In most cases, the easiest approach there is just "slap a blockchain on it", as a good and modern (think Ethereum, not Bitcoin) blockchain essentially "abstracts away" the decentralization and mostly acts like a centralized computer to higher layers.

That is certainly not the only viable approach, and I wish we looked at others more. For example, a decentralized DNS-like system, without an attached cryptocurrency, but with global consensus on what a given name points to, would be extremely useful. I'm not convinced that such a thing is possible, you need some way of preventing one bad actor from grabbing all the names, and monetary compensation seems like the easiest one, but we should be looking in this direction a lot more.

josephg

> And then there's the third super-special category of shared data with no central server, and where only certain users should be allowed to perform certain operations. This comes up most often in p2p networks, censorship resistance etc.

In my mind, this is just the second category again. It’s just a shared data system, except with data validation & Byzantine fault tolerance requirements.

It’s a surprisingly common and thorny problem. For example, I could change my local git client to generate invalid / wrong hashes for my commits. When I push my changes, other peers should - in some way - reject them. PVH (of Ink&Switch) has a rule when thinking about systems like this. He says you’re free to deface your own copy of the US constitution. But I don’t have to pull your changes.

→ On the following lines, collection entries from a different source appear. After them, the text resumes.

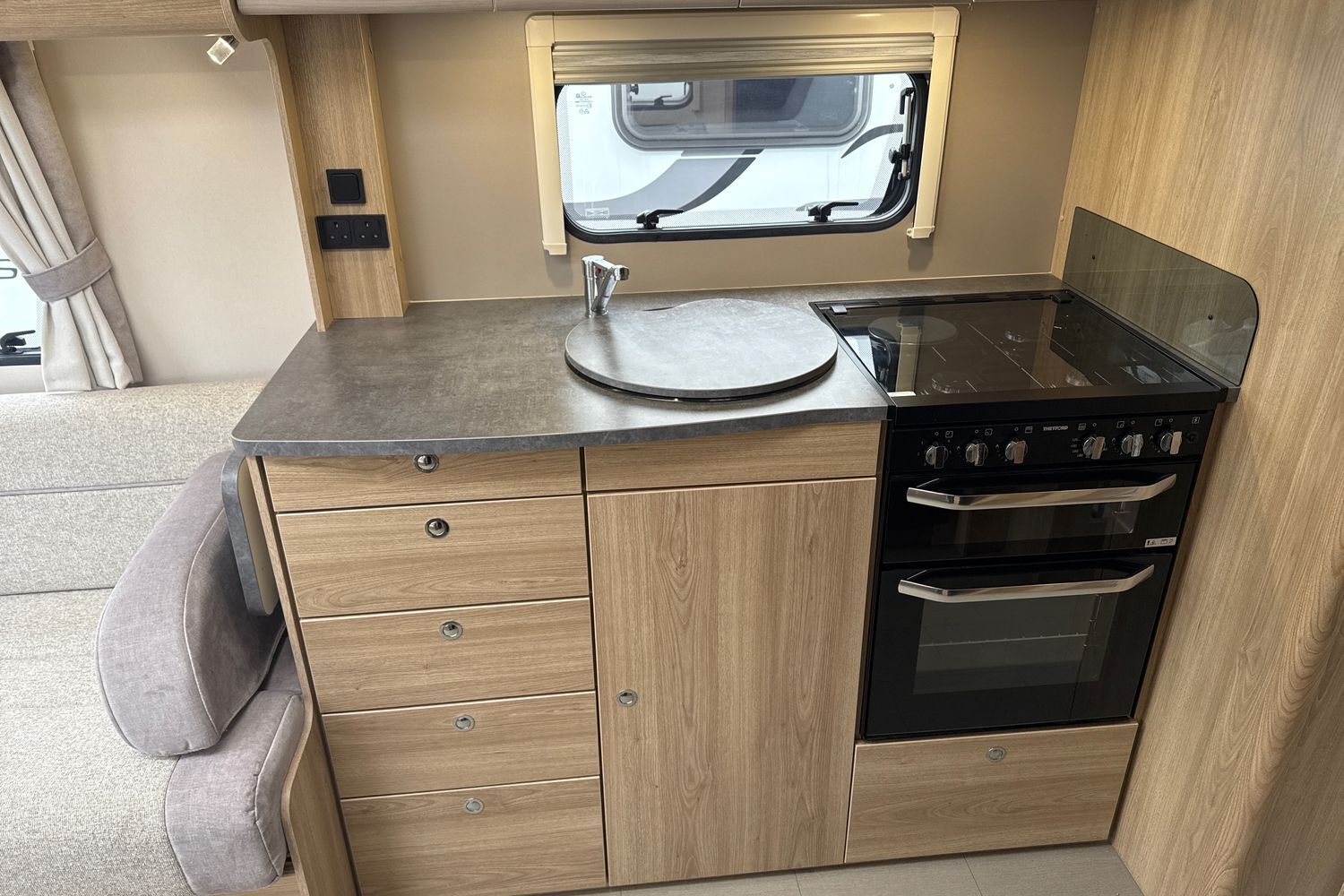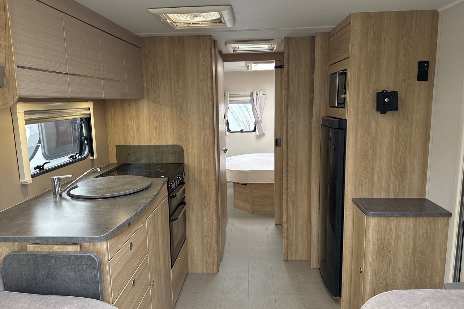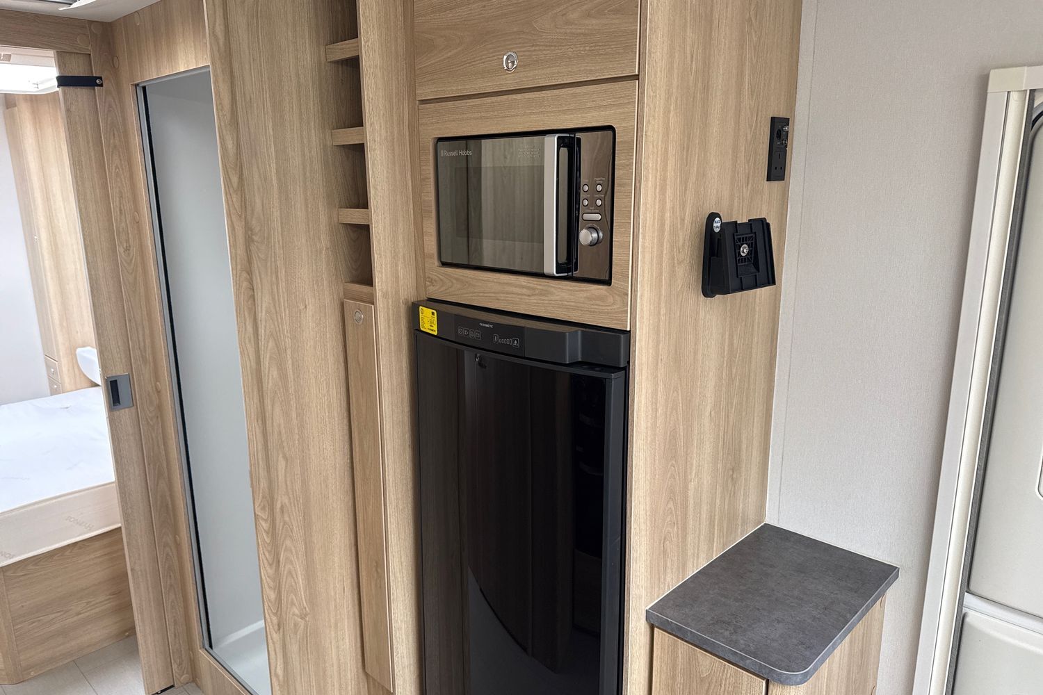 Centrally located well appointed kitchen area comlete with all the amenities the modern day caravanner requires, domestic style gas oven/gill/hob with additional electric hotplate and folding glass lid, branded factorty fitted microwave, gloss black circular washing up sink with modern hot and cold chrome mixer tap with grey plastic clip on draining board and large/tall 3-way gloss black fronted fridge with integral freezer compartment.
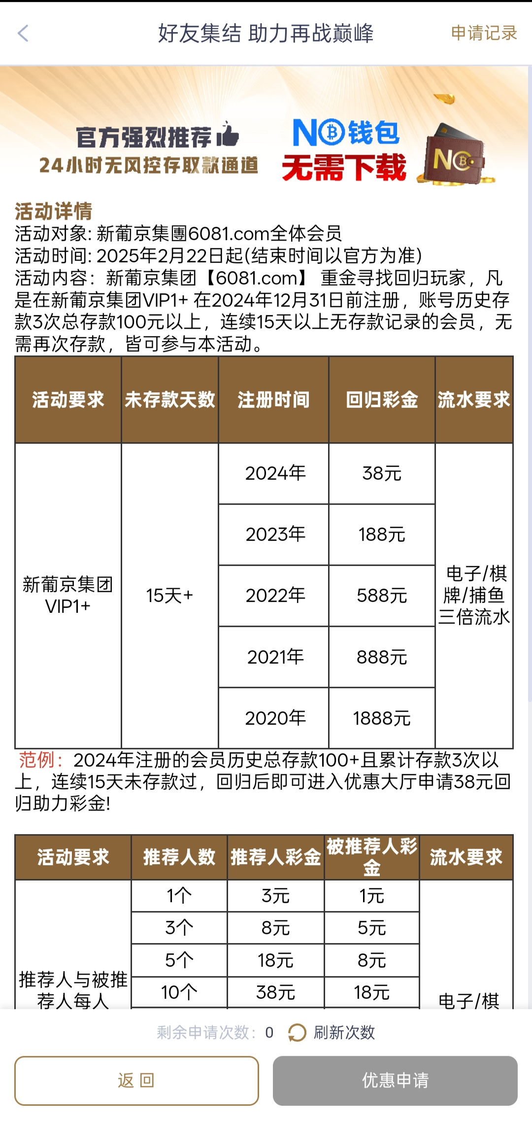 新葡京081 之前玩过的 15天未存过款 第16天去活动迎接王者归来申请回归彩金 网址081.com
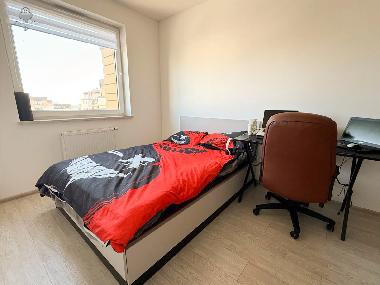2) Pokój: łóżko, szafa w zabudowie.
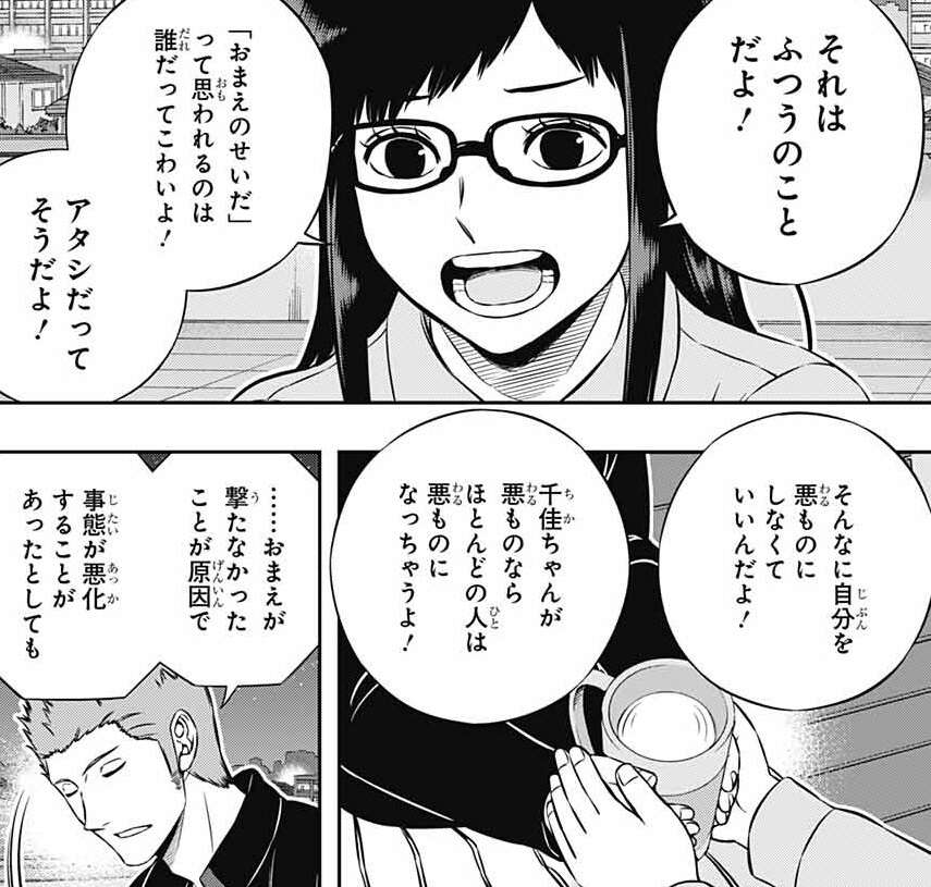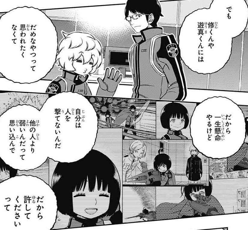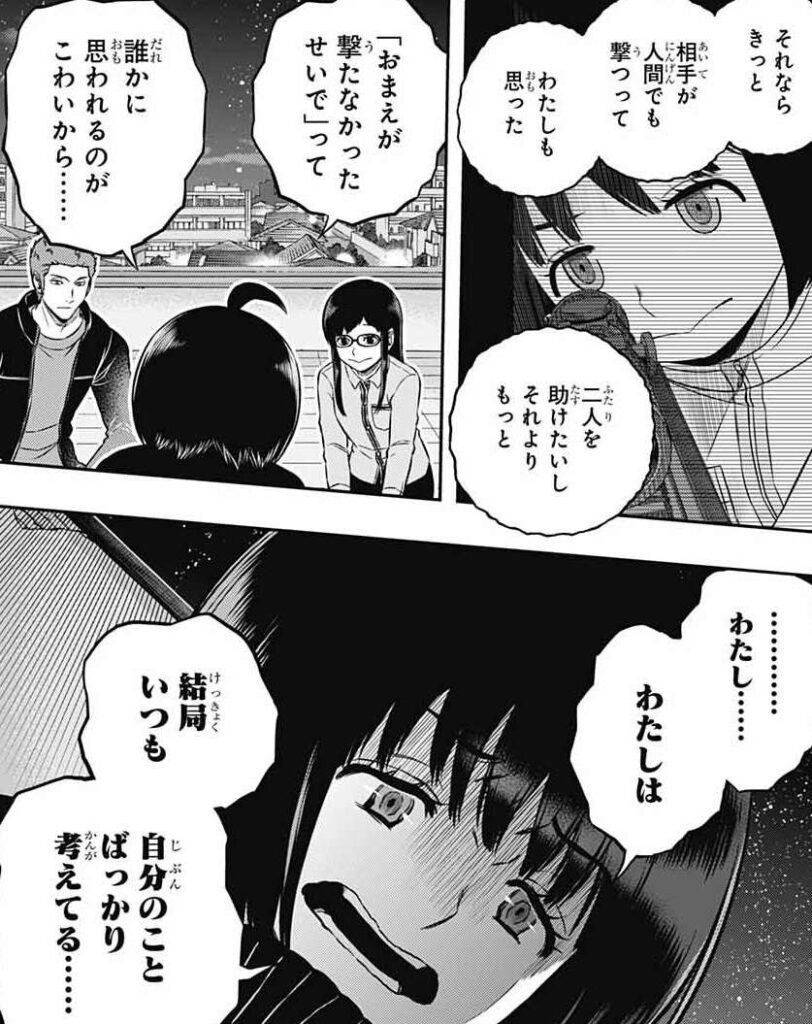 雨取は実は人を傷つけるのが怖いのではなくて、誰かに責められるのが怖いと自己分析します。しかし三雲や遊真からだめなやつと思われたくなくて、一生懸命やり始めますが、結局自分は人が撃てないから許してください、と思います。
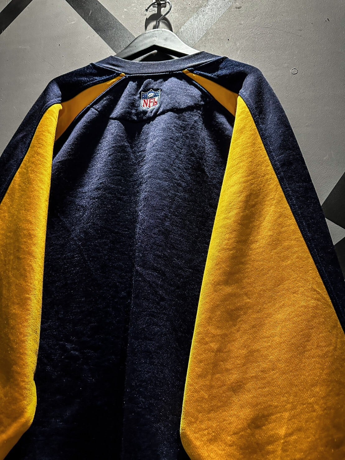 深いネイビーのボディに、CHARGERSらしいイエロー×ホワイトのライン切り替えを載せフロントに大きくチーム名のデザインを施したフットボールシャツ。
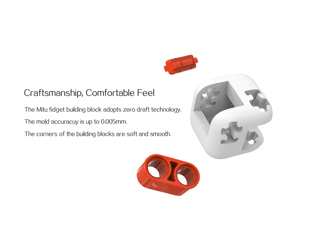 Особенности:1. Безлимитный флип, Наслаждайтесь временемСтроительный блок Mitu fidget компактен и деликатен. Вы не можете с ним веселиться.Это поможет вам избавиться от стресса и беспокойства.2. Мастерство, комфортСтроительный блок Mitu fidget использует технологию нулевого проекта. Форма accuracuy до 0,005 мм.Углы строительных блоков мягкие и гладкие.3. Трехцветный дизайн, простой стильСтроительный блок Mitu fidget принимает классический серый, белый, оранжевый дизайн трех цветов. Простой стиль позволяет вам чувствовать себя комфортно.4. Легкий и портативныйСтроительный блок Mitu fidget имеет легкий вес, который может поместиться в вашем кармане. Вы можете наслаждаться им в любое время.5. Свободная сборка, креативностьСтроительный блок Mitu fidget может сочетаться с роботом Mitu строительные блоки.Посылка включает в себя:1 х строительные блоки1 x Руководство пользователя

Access control makes the BFT problem much worse. The classic problem is that if two admins concurrently remove each other, it’s not clear what happens. In a crdt (or git), peers are free to backdate their changes to any arbitrary point in the past. If you try and implement user roles on top of a crdt, it’s a nightmare. I think CRDTs are just the wrong tool for thinking about access control.

jkaptur

I can't wait to read that blog post. I know you're an expert in this and respect your views.

One thing I think that is missing in the discussion about shared data (and maybe you can correct me) is that there are two ways of looking at the problem: * The "math/engineering" way, where once state is identical you are done! * The "product manager" way where you have reasonable-sounding requests like "I was typing in the middle of a paragraph, then someone deleted that paragraph, and my text was gone! It should be its own new paragraph in the same place."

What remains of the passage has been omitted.